From the material below, reproduce exactly the stretch of lines that begins with the line holding "Ce beau mélange" and ends with the line holding "Confeccionado em tecido", skipping the pictures.

[Listed entries]
┄┄┄┄┄┄┄┄┄┄┄┄┄┄┄┄┄┄┄┄

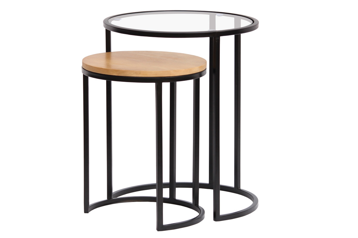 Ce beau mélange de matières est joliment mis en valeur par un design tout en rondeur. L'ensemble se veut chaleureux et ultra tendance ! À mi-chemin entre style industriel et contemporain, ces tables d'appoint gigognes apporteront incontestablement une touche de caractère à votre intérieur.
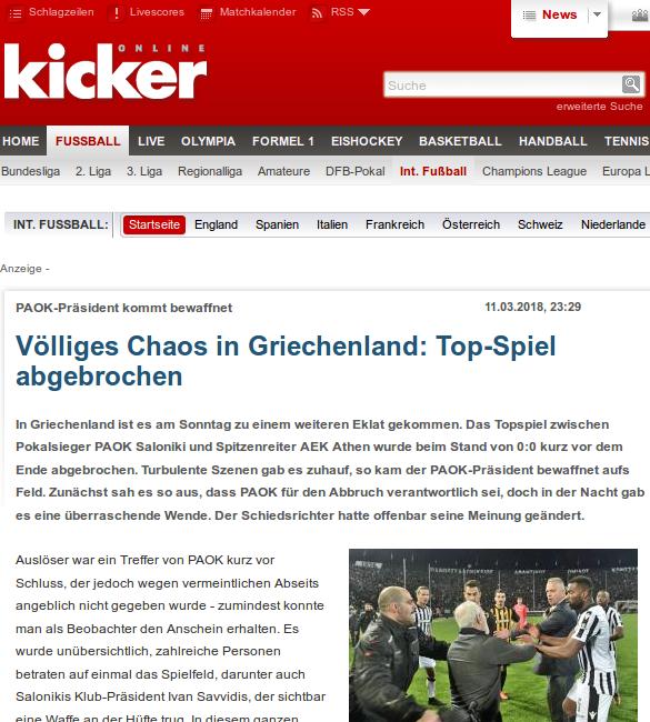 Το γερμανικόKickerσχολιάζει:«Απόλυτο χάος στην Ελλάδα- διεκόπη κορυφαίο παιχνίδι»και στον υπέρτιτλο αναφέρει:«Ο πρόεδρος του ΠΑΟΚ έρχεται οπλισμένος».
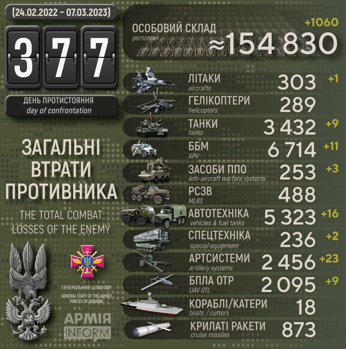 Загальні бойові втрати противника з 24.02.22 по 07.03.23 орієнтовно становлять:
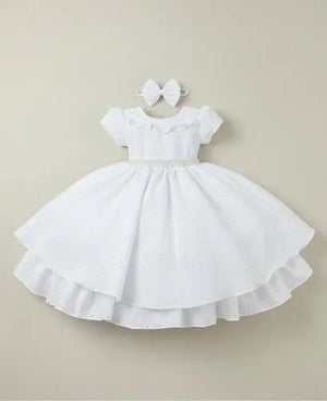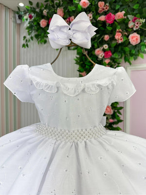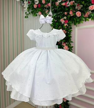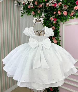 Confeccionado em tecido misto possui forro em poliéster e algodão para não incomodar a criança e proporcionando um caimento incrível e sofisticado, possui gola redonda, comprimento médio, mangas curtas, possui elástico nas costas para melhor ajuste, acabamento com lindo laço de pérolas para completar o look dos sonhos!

┄┄┄┄┄┄┄┄┄┄┄┄┄┄┄┄┄┄┄┄

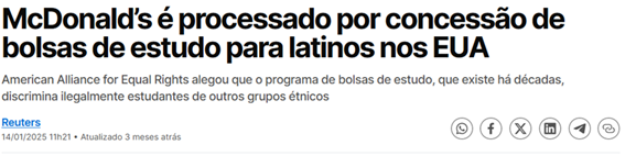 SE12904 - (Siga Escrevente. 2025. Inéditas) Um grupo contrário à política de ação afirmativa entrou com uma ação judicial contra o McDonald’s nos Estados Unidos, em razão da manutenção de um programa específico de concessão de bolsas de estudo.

┄┄┄┄┄┄┄┄┄┄┄┄┄┄┄┄┄┄┄┄

[Response to this exercise]
 Ce beau mélange de matières est joliment mis en valeur par un design tout en rondeur. L'ensemble se veut chaleureux et ultra tendance ! À mi-chemin entre style industriel et contemporain, ces tables d'appoint gigognes apporteront incontestablement une touche de caractère à votre intérieur.
 Το γερμανικόKickerσχολιάζει:«Απόλυτο χάος στην Ελλάδα- διεκόπη κορυφαίο παιχνίδι»και στον υπέρτιτλο αναφέρει:«Ο πρόεδρος του ΠΑΟΚ έρχεται οπλισμένος».
 Загальні бойові втрати противника з 24.02.22 по 07.03.23 орієнтовно становлять:
 Confeccionado em tecido misto possui forro em poliéster e algodão para não incomodar a criança e proporcionando um caimento incrível e sofisticado, possui gola redonda, comprimento médio, mangas curtas, possui elástico nas costas para melhor ajuste, acabamento com lindo laço de pérolas para completar o look dos sonhos!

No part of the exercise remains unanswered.